Re: [PATCH 3/3] ipmi:bt-bmc: Fix error handling and status check

From: Corey Minyard
Date: Fri Apr 17 2020 - 22:15:12 EST


On Wed, Apr 15, 2020 at 10:14:06AM +0800, Tang Bin wrote:
> Hi Corey:
>
> On 2020/4/15 4:18, Corey Minyard wrote:
> > On Tue, Apr 14, 2020 at 10:14:24PM +0800, Tang Bin wrote:
> > > If the function platform_get_irq() failed, the negative
> > > value returned will not be detected here. So fix error
> > > handling in bt_bmc_config_irq(). And if devm_request_irq()
> > > failed, 'bt_bmc->irq' is assigned to zero maybe redundant,
> > > it may be more suitable for using the correct negative values
> > > to make the status check in the function bt_bmc_remove().
> > Comments inline..
> >
> > > Signed-off-by: Tang Bin <tangbin@xxxxxxxxxxxxxxxxxxxx>
> > > Signed-off-by: Shengju Zhang <zhangshengju@xxxxxxxxxxxxxxxxxxxx>
> > > ---
> > > drivers/char/ipmi/bt-bmc.c | 12 +++++-------
> > > 1 file changed, 5 insertions(+), 7 deletions(-)
> > >
> > > diff --git a/drivers/char/ipmi/bt-bmc.c b/drivers/char/ipmi/bt-bmc.c
> > > index 1d4bf5c65..1740c6dc8 100644
> > > --- a/drivers/char/ipmi/bt-bmc.c
> > > +++ b/drivers/char/ipmi/bt-bmc.c
> > > @@ -399,16 +399,14 @@ static int bt_bmc_config_irq(struct bt_bmc *bt_bmc,
> > > struct device *dev = &pdev->dev;
> > > int rc;
> > > - bt_bmc->irq = platform_get_irq(pdev, 0);
> > > - if (!bt_bmc->irq)
> > > - return -ENODEV;
> > > + bt_bmc->irq = platform_get_irq_optional(pdev, 0);
> > > + if (bt_bmc->irq < 0)
> > > + return bt_bmc->irq;
> For us, this part of modification have reached a consensus.
> > > rc = devm_request_irq(dev, bt_bmc->irq, bt_bmc_irq, IRQF_SHARED,
> > > DEVICE_NAME, bt_bmc);
> > > - if (rc < 0) {
> > > - bt_bmc->irq = 0;
> > > + if (rc < 0)
> > > return rc;
> > I don't think this part is correct. You will want to set bt_bmc->irq to
> > rc here to match what is done elsewhere so it's the error if negative.
>
> Nonono, I don't want to set bt_bmc->irq to rc, I think they are irrelevant.
>
> The logic of the previous code will continue to execute even if
> platform_get_irq() failed,which will be brought devm_request_irq() failed
> too. "bt_bmc->irq = 0" here is just for bt_bmc_remove() to execute
> del_timer_sync(). Otherwise the function del_timer_sync() will not execute
> if not set "bt_bmc->irq" to zero, because it's negative actually.

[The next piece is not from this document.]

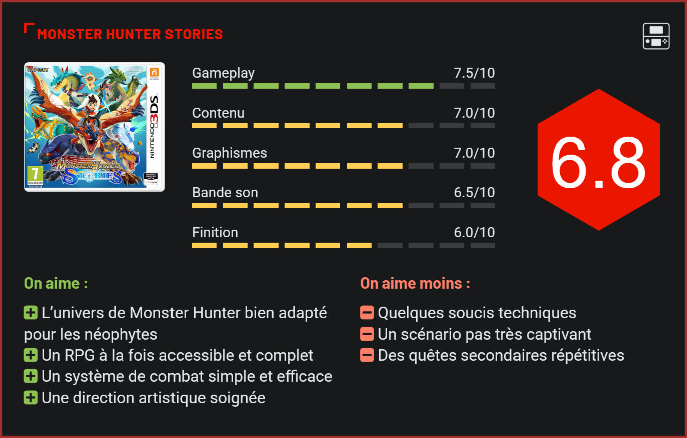 En attendant Monster Hunter World prévu pour le mois de janvier 2018, Capcom sort une version plus accessible de son jeu-phare sur 3DS, avec un gameplay davantage orienté RPG comprenant des combats au tour par tour simplifiés et une quête proposant de collectionner et dompter des créatures. Si elle ravit les chasseurs les plus chevronnés, la série des Monster Hunter peut s’avérer difficile d’accès pour le néophyte. Capcom a pour cette raison décidé d’élargir son audience avec un titre plus orienté grand public avec ce spin-off intitulé Monster Hunter Stories, uniquement disponible sur 3DS. Nanti de graphismes colorés en cell-shading, d’un univers bon-enfant et de mécanismes de combats simplifiés, le titre est avant tout destiné aux plus jeunes, sans pour autant délaisser la profondeur de son gameplay. Monstres et cie Ce qui marque avant tout, c’est bien évidemment l’allure très kawaï du titre. C’est lumineux, coloré, le héros est un enfant d’une dizaine d’année accompagné d’un minou très allègre et il n’est pas ici question de chasser les monstres pour les éliminer mais de les dompter pour en faire ses alliés. Les créatures qui peuplent habituellement l’univers de Monster Hunter deviennent ici des monsties (contraction de monster et bestie en anglais) que l’on peut chevaucher pour explorer un monde divisé en cinq grandes zones et auprès desquels l’on combat durant toute l’aventure. On incarne en effet un rider en herbe, sorte de guerrier capable grâce à une pierre d’amitié de créer des liens avec les créatures qu’il croisera durant sa quête. Pour cela, il faudra capturer celles-ci en s’aventurant dans leur tanière afin d’y voler un œuf pour ensuite le faire éclore dans son écurie. Chaque Monstie ainsi obtenu peut être assigné à son équipe pour prendre part au combat. Chacun dispose de capacités diverses, aussi bien en combat que lors de l’exploration, certains pouvant sauter des obstacles, grimper aux murs ou encore nager. Un RPG simplifié Contrairement aux autres titres de la série, les combats de Monster Hunter Stories se déroulent au tour par tour. Trois types d’attaques sont disponibles faisant appel à la force, la vitesse et la technique. Pour prendre le dessus sur l’adversaire, il faut soigneusement étudier ses coups suivant un principe triangulaire : la force l’emporte sur la technique, qui prend le dessus sur la vitesse, qui elle domine la force. Les coups réussis font ensuite grimper une jauge d’amitié qui permet de monter en selle pour effectuer des attaques spéciales avec le monstie choisi. Un système efficace et facile à prendre en main, dans lequel interviennent également des phases aléatoires de QTE. Il est bien sûr également possible d’utiliser toute une série d’objets et de potion curatives durant les combats. Un arsenal à la hauteur On retrouve d’ailleurs toute une partie dédiée à la recherche d’objets et au crafting, le joueur devant récolter divers éléments dans les environnements parcourus (végétaux, minéraux, insectes) afin de confectionner des potions ou d’améliorer ses armes et armures auprès des forgerons. Des nombreux éléments sont à ramasser, et l’arsenal s’avère bien fourni avec de multiples armes et armures à obtenir. Des quêtes secondaires viennent également se greffer à l’aventure principale, mais elles s’avèrent hélas très répétitives et sans grand intérêt si ce n’est celui d’obtenir les précieuses pièces de monnaie qui permettront de finaliser l’achat de pièces pour l’équipement. Le déroulement du scénario principal est quant à lui sans surprise mais se suit sans déplaisir. Si la patte graphique séduit avec des animations très réussies, on constate malheureusement des ralentissements fréquents et des textures qui s’affichent au dernier moment, en particulier sur 3DS classique. Des écrans de chargement un poil trop longs viennent également régulièrement gâcher les parties de chasse lorsque l‘on passe d’un environnement à l’autre. Conclusion Les néophytes et les plus jeunes pourront découvrir avec émerveillement l’univers de Monster Hunter dans cet opus kawai qui leur est avant tout destiné. Les connaisseurs et fans de la série risquent par contre de s’ennuyer face à un épisode manquant de challenge dont la quête s’avère au final beaucoup trop routinière. De plus, malgré des animations soignées, les nombreux ralentissements et autres soucis techniques gâchent franchement la partie, surtout sur 3DS classique.

Sorry for the delay, I have had a lot of distractions.

The trouble is that the handling of bt_bmc->irq needs to be consistent.
Either it needs to be negative if the irq allocation fails, or it needs
to be zero if the irq allocation fails. I think it needs to be negative
because zero is a valid interrupt in some cases.

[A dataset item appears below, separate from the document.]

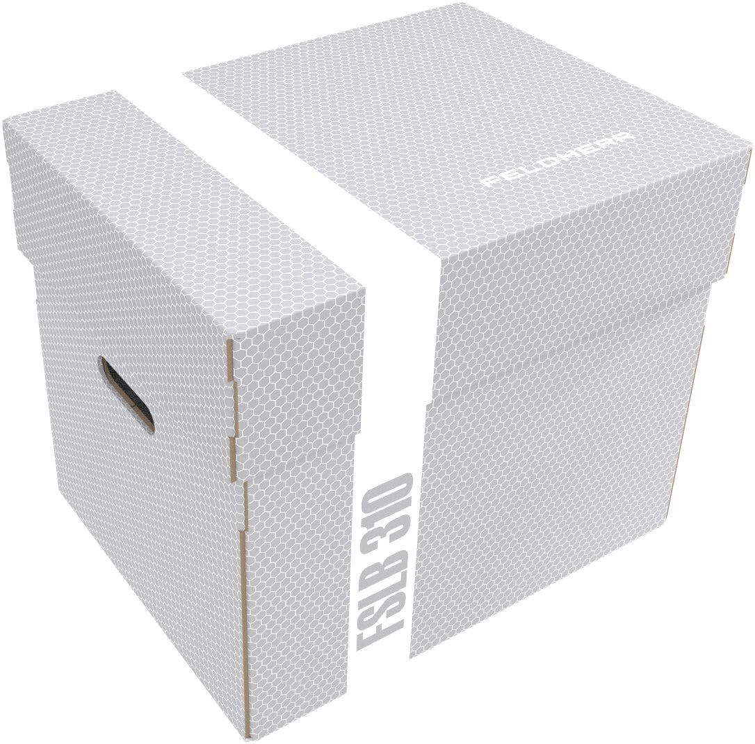 Die Lagerbox FSLB310 besteht aus beschichtetem, doppelwelligem Karton und ist damit einerseits sehr leicht und dabei trotzdem stabil. Der aufsetzbare Deckel schützt den Inhalt zuverlässig vor Staub und anderen äußeren Einflüssen. Mit den beiden kunststoffverstärkten Tragegriffen an den Seiten lässt sich die Box bequem transportieren.

Consider the following code:

bt_bmc_config_irq(bt_bmc, pdev);

if (bt_bmc->irq) {
dev_info(dev, "Using IRQ %d\n", bt_bmc->irq);
} else {
dev_info(dev, "No IRQ; using timer\n");
timer_setup(&bt_bmc->poll_timer, poll_timer, 0);

If bt_bmc->irq is negative (if platform_get_irq_optional() fails), it
will say it's using the irq and won't start a timer and the driver won't
work. Then later (in your change below) it will try to stop the timer
even though it's not running.

If devm_request_irq() fails, then the interrupt is not set, but since
bt_bmc->irq is most likely not zero, it will not start the timer and the
driver won't work.

You really need to set bt_bmc->irq negative if it fails. And fix the
check above to be if (bt_bmc->irq >= 0).

-corey

>
>
> >
> > Also, I believe this function should no longer return an error. It
> > should just set the irq to the error if one happens. The driver needs
> > to continue to operate even if it can't get its interrupt.
> >
> > The rest of the changes are correct, I believe.
> >
> >
> > > - }
> > > /*
> > > * Configure IRQs on the bmc clearing the H2B and HBUSY bits;
> > > @@ -499,7 +497,7 @@ static int bt_bmc_remove(struct platform_device *pdev)
> > > struct bt_bmc *bt_bmc = dev_get_drvdata(&pdev->dev);
> > > misc_deregister(&bt_bmc->miscdev);
> > > - if (!bt_bmc->irq)
> > > + if (bt_bmc->irq < 0)
> > > del_timer_sync(&bt_bmc->poll_timer);
> > > return 0;
> > > }
>
> But now, the logic is: if the platform_get_irq_optional() failed, it returns
> immediately, the irq at this point is negative,the bt_bmc_probe() continue
> to operate. But in the function bt_bmc_remove(), we need status check in
> order to execute del_timer_sync(), so change "!bt_bmc->irq" to "bt_bmc->irq
> < 0".
>
> So, when the judgment of "bt_bmc->irq" in the function bt_bmc_remove() goes
> back to the original negative value, the "bt_bmc->irq = 0" in the line 410
> become redundant. That's why I remove it.
>
>
>
> I am very glad to communicate and discuss with you these days.
>
> Thanks,
>
> Tang Bin
>
>
> > >
> > >
> > >
>
>